Phosphoenolpyruvate carboxykinase (PEPCK) isoforms (c, cytosolic; m, mitochondria) are expressed in the liver and mammary gland. PEPCK-c is a rate-controlling enzyme for gluconeogenesis and glyceroneogenesis; its activity is decreased by insulin. PEPCK-m expression is constitutive and functions to channel lactate toward gluconeogenesis. We hypothesized that the increase in milk protein but decrease in milk lactose and fat when a hyperinsulinemic-euglycemic clamp (HIEC) is applied to dairy goats is due to decreased expression of mammary PEPCK-c mRNA. Late lactation goats (n = 4; 150 ± 30 days in milk) were subjected to saline infusion and HIEC (104 μg insulin/h) for 4-day periods in a 2 × 2 crossover design. On day 4 of each period, a mammary biopsy (~1 g) was taken from an udder half to determine expression of PEPCK-m and PEPCK-c mRNA by real-time RT-PCR. Plasma insulin increased 3.5-fold (P< 0.002) due to the HIEC and euglycemia was maintained.
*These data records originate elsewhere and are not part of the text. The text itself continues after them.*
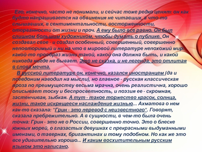 В русской литературе он, конечно, казался иностранцем (да и псевдоним наводил на мысли), но главное - русская классическая проза по преимуществу весьма мрачна, очень реалистична, хорошо описывает тоску и беспросветность, и поэзия ее - скромная, застенчивая, зыбкая. А тут - такое торжество красок, солнца, жизни, такое искрящееся наслаждение жизнью... Ахматова о нем как-то сказала: "Грин - это перевод с неизвестного". Говорят, сказала пребрежительно. А в сущности, в чем-то была очень точна: Грин - это не о России, совершенно точно. Это о блеске южных морей, о глазастых девушках с прекрасными выдуманными именами, о тавернах, бригантинах и тому подобном. Но как же это все удивительно хорошо... И каким восхитительным русским языком это написано.
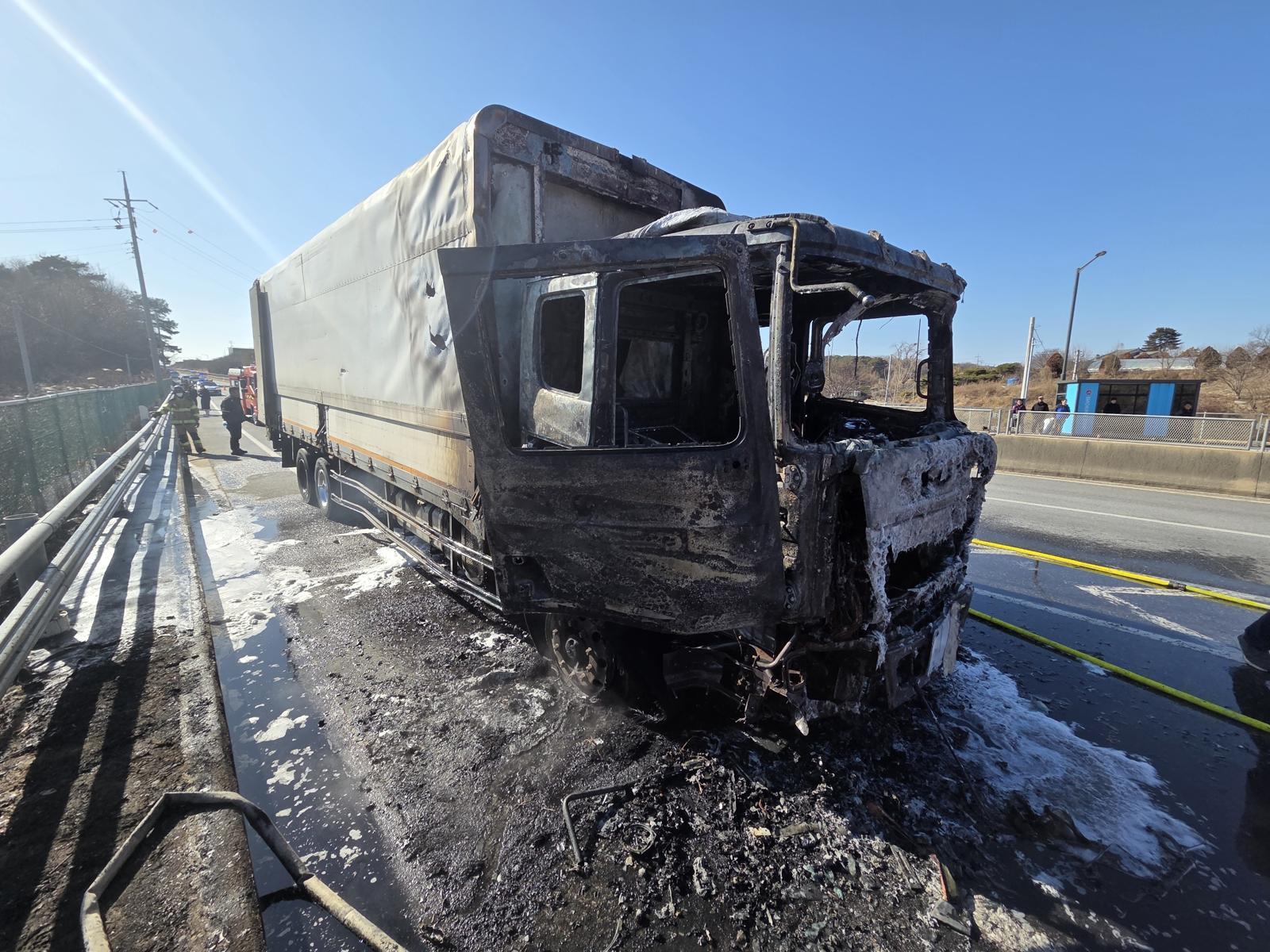 27일 오후 1시 19분께 충남 논산 노성면 공주 방향 23번 국도에서 주행 중인 8.5톤 윙바디에 불이 났다.
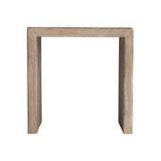 Crafted of carbonized teak in Sea Oat finish, the Montego side table balances shape and planes with a live-edge top. Straight vertical lines define the two panel legs.
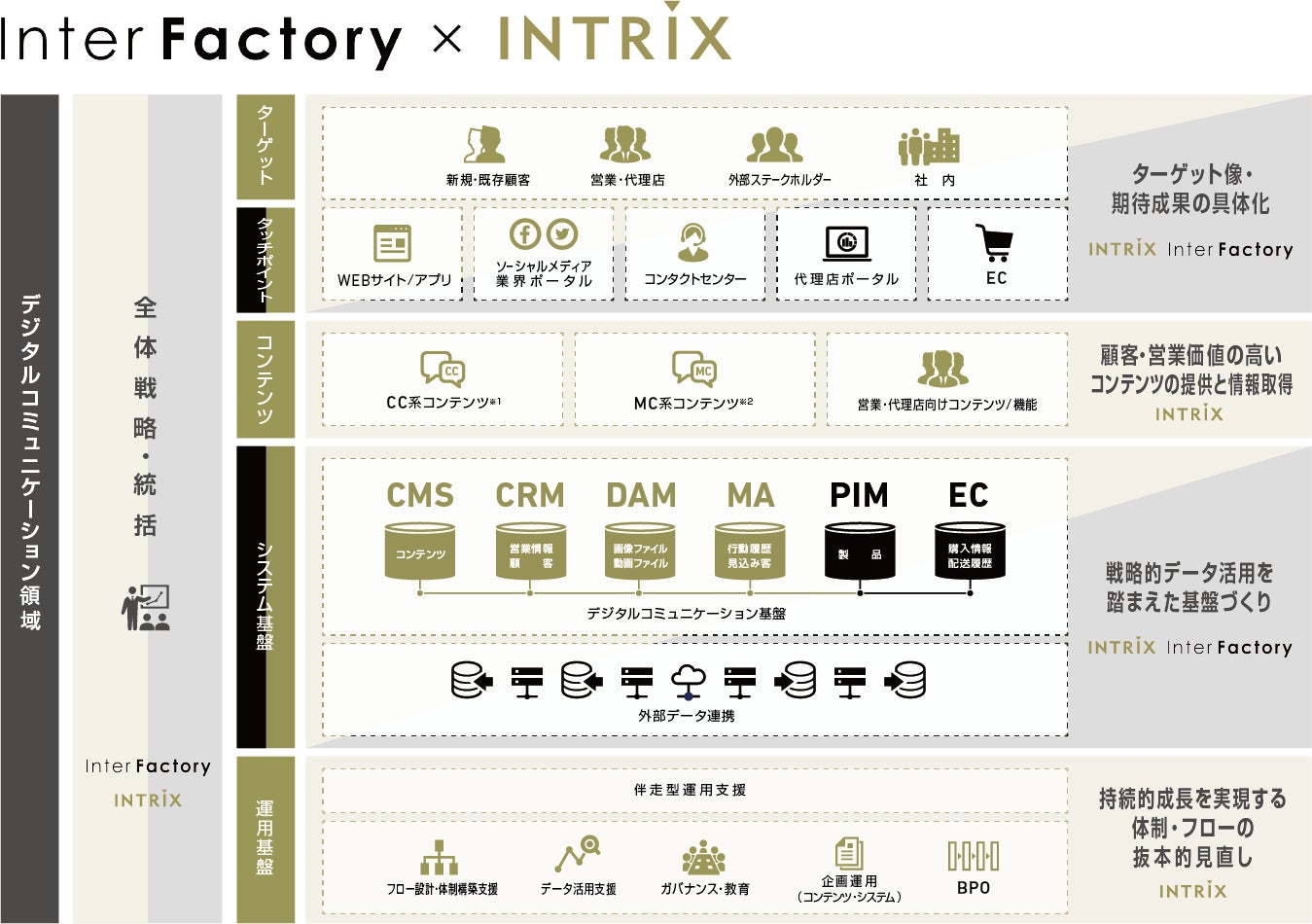 このような状況を踏まえ、この度、イントリックスとインターファクトリーの2社が業務提携を行い、システム面ならびにソリューション面において連携することにより、国内BtoB事業者様のデジタルコミュニケーション領域を総合的に支援してまいります。
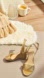 Stylish gold wedge sandals with braided straps. Perfect for any occasion.
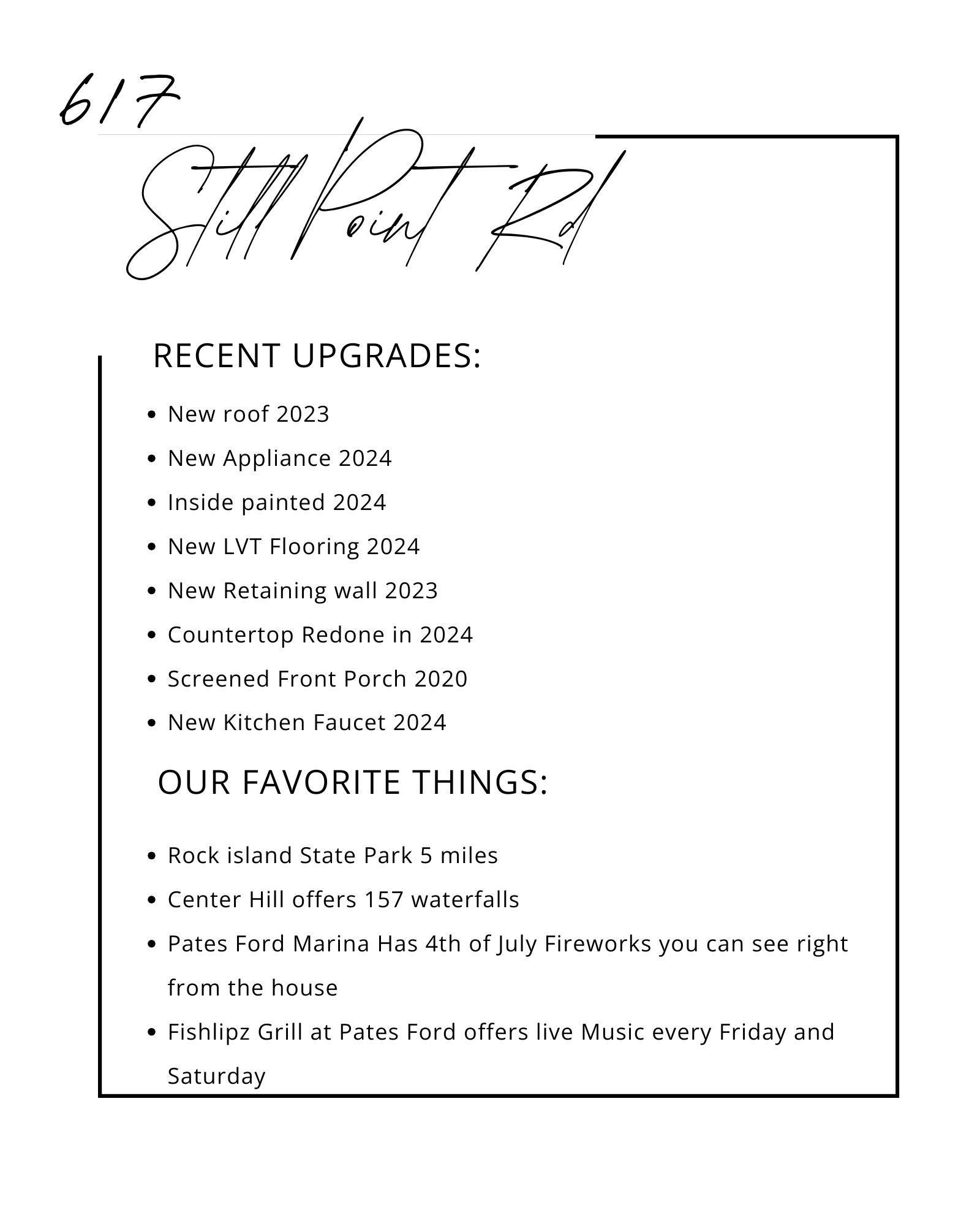 Discover your peaceful retreat just steps from Center Hill Lake! This inviting 2-bedroom, 2-bath cottage offers a blend of charm and modern comfort. This home features two amazing views…off the back is a private wooded retreat with gorgeous hardwoods and sweeping views of wooded vista or the front porch with a lake view to Pates Ford Marina. This cottage has a beautiful kitchen, generous outdoor living space, (two large screened in porches perfect for entertaining) and detached garage for added convenience. This property offers an abundance of parking for your boat and toys. Whether you're seeking a relaxing getaway or a low-maintenance lake community investment (STR eligible), this cottage comes mostly furnished—ready for you to settle in and start enjoying right away. Experience the tranquil sounds of nature from your own private bridge and screened in room that spans a scenic cave and creek. A boat ramp is located inside the neighborhood and provides easy access to launch your boat, jet ski, wave runner or personal water craft. Nestled just across the water from Pates Ford Marina and Fishlipz Grill. Pates Ford is the best marina on Center Hill Lake. Fishlipz Grill offers live music in the summer months, the largest 4th of July fireworks show on the lake and host the most famous event of the summer, Wakefest. The proximity to Pates Ford Marina sets the perfect stage for lake days, dining, and weekend getaways. Whether you're seeking a cozy escape or a nature lover's paradise, this one-of-a-kind property delivers.
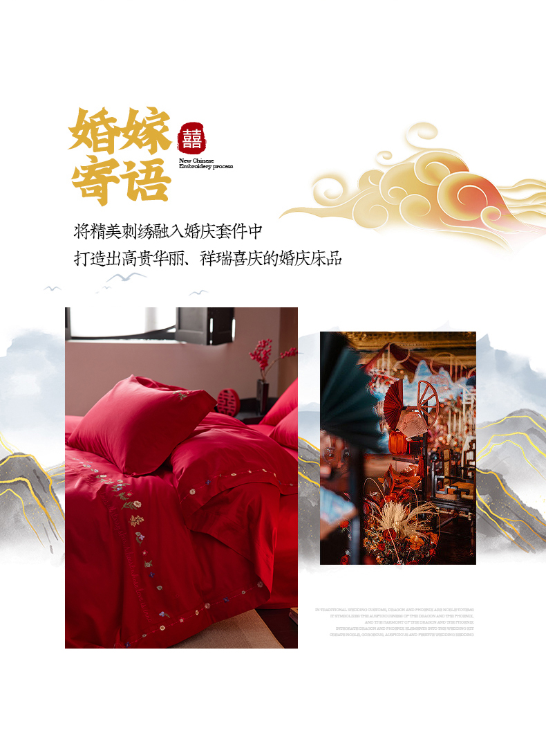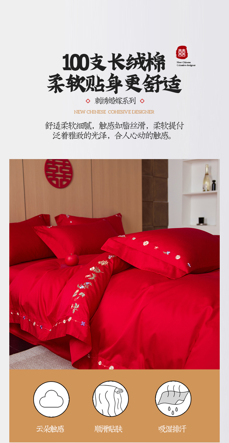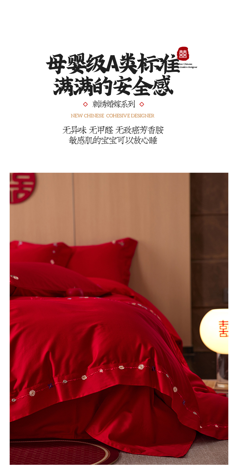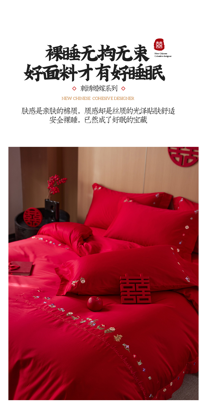 商品名称:简纯主义 2025新款100支长绒棉刺绣四件套花开并蒂系列 花开并蒂红
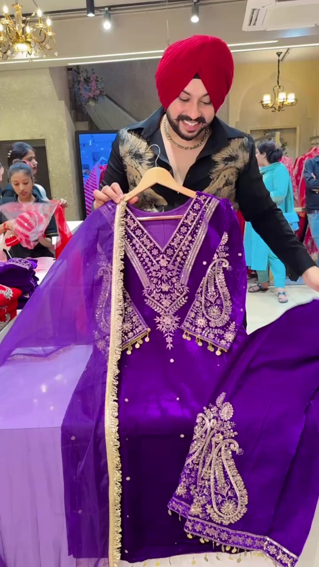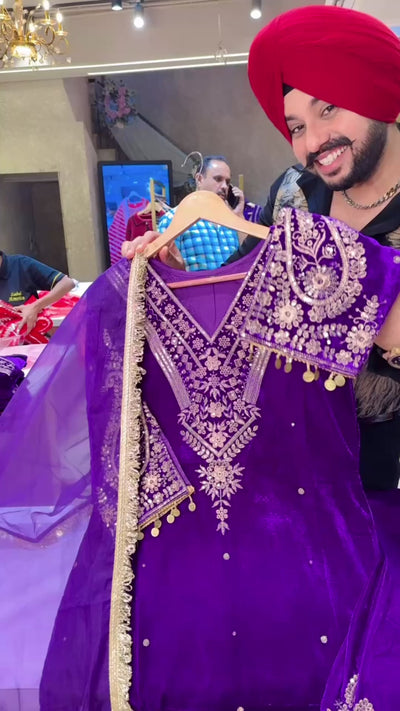 Purple Glossy Velvet Indowestern Straight Suit Woth Heavy embroidery Work on neck Sleeves & Pants
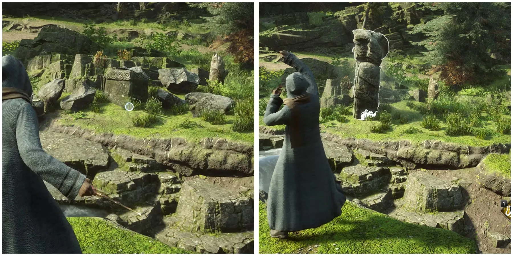 Вокруг локации испытания Мерлина разбросаны четыре сломанные статуи. Как и в большинстве других испытаний Мерлина в Hogwarts Legacy, игроки могут использовать заклинание Revelio, чтобы найти разбитые статуи в округе, и использовать заклинание Reparo, чтобы починить их.

The HIEC decreased (P< 0.0001) dry matter intake (28%) and milk yield (26%). While milk fat content was not affected, HIEC increased (P< 0.001) milk protein content (2.82% vs. 3.09%) but decreased (P< 0.001) milk lactose content (4.22% vs. 4.03%). Expression of PEPCK-m mRNA was 9-fold higher (P< 0.004) than that of PEPCK-c. The HIEC decreased (P< 0.03) PEPCK-c mRNA 7-fold but tended to increase (P< 0.236) PEPCK-m mRNA 1.3-fold. These results demonstrate that insulin regulates mRNA expression of mammary PEPCK isoforms, and this may underlie the changes in milk-component synthesis observed when a HIEC is applied.

Keywords: Insulin, PEPCK, Mammary gland, goat.